Energy saving and emission reduction of ships by optimizing their operation mode have always been considered a research hotspot in the shipping industry. However, current research mainly focuses on route and speed optimization, and there are few studies on trim optimization, particularly those based on operational data. Therefore, in this study, a ship trim optimization model was developed to determine the optimal trim value under different sailing conditions based on the operation data of inland ro-ro passenger ships and advanced ensemble learning methods. The relevant research conclusions are as follows:(1)Ensemble learning can achieve better predictive performance in energy consumption modeling. Compared with the current mainstream methods, such as linear regression, neural networks, and support vector machines, ensemble learning has a better prediction performance, and the ET model has the best prediction performance (the highest value of R2 and lowest values of RMSE, MAE, and MAPE). In addition, the run time of all models was far less than 3 min, which meets the real-time prediction requirements.(2)The trim optimization method can effectively reduce the energy consumption and carbon emissions of ships. After trim optimization, the inland ro-ro passenger ship (MS Smyril) could theoretically achieve an energy-saving effect of 1.461%. Trim optimization is an effective way to achieve ship energy savings without input costs and changes in the hull structure. Therefore, it is worthy of application in ship operations and can be extended to other types of ships.
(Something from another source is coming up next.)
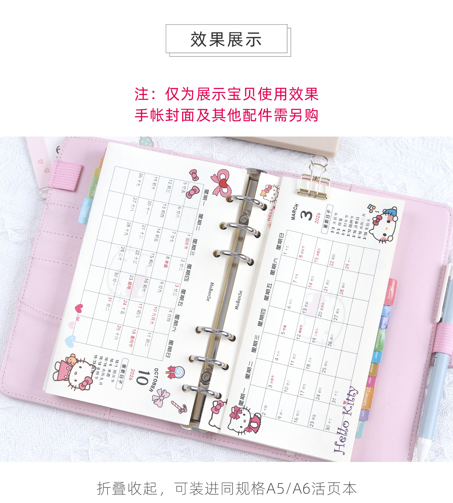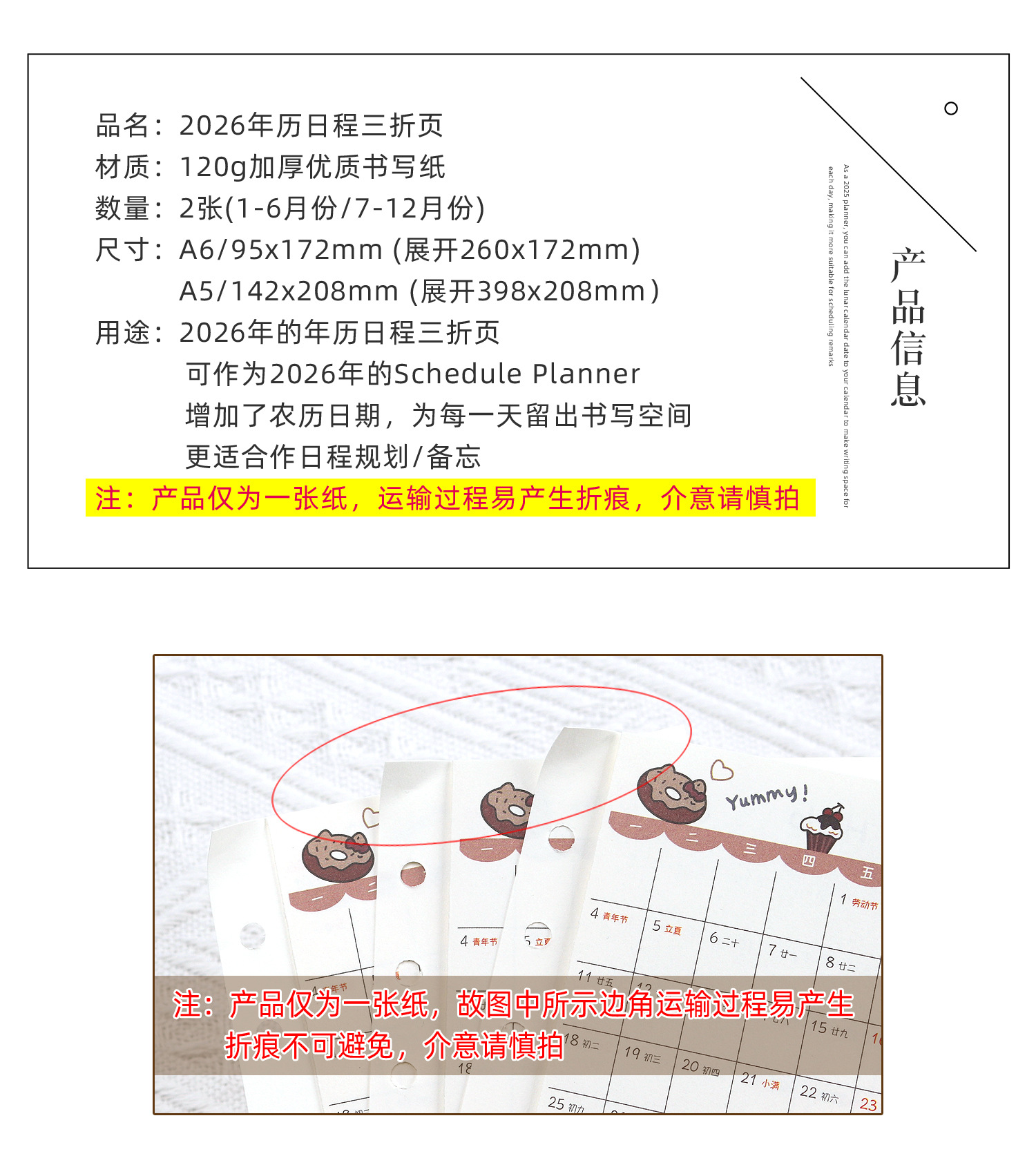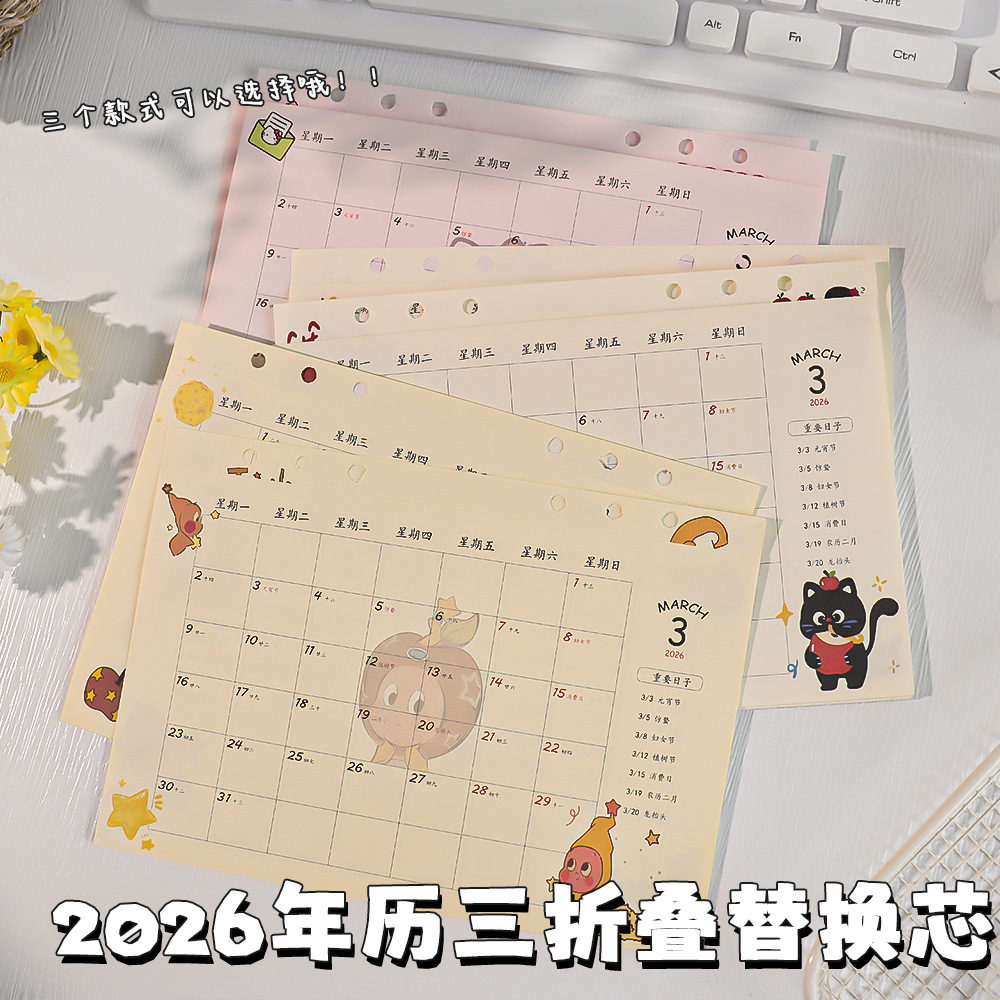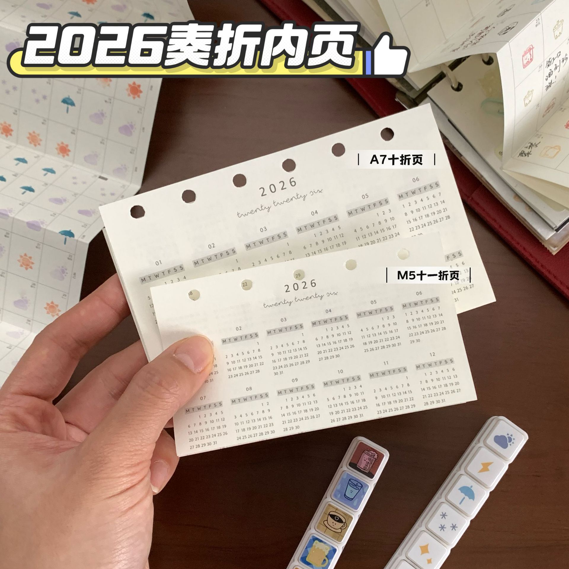 2026年奏折内页M5A7A6十折日历年历手帐活页本风琴替芯日程计划全

The trim optimization of the inland ro-ro passenger ship in this study was based on theoretical values obtained from the data-driven model under hypothetical conditions. Therefore, more practical constraints should be considered in the future and the validity of the model should be verified using actual ships. In addition, more advanced regression models, such as the Gaussian process [48] and recurrent neural network [49], will be applied to ship energy consumption modeling in the future to obtain more accurate energy consumption prediction results.

Data Availability

The data used to support the findings of this study were derived from the following resources available in the public domain: http://cogsys.imm.dtu.dk/propulsionmodelling/data.html.

Conflicts of Interest

The authors declare that there are no conflicts of interest regarding the publication of this paper.

Authors’ Contributions

Mingli Chi provided great help in writing and polishing the manuscript. Zhihui Hu provided many suggestions on the code of the paper.

Acknowledgments

The authors sincerely thank J. P. Petersen for providing the raw data. This study was supported in part by the Navigation College of Jimei University, National-Local Joint Engineering Research Center for Marine Navigation Aids Services (grant no. JMCBZD202011).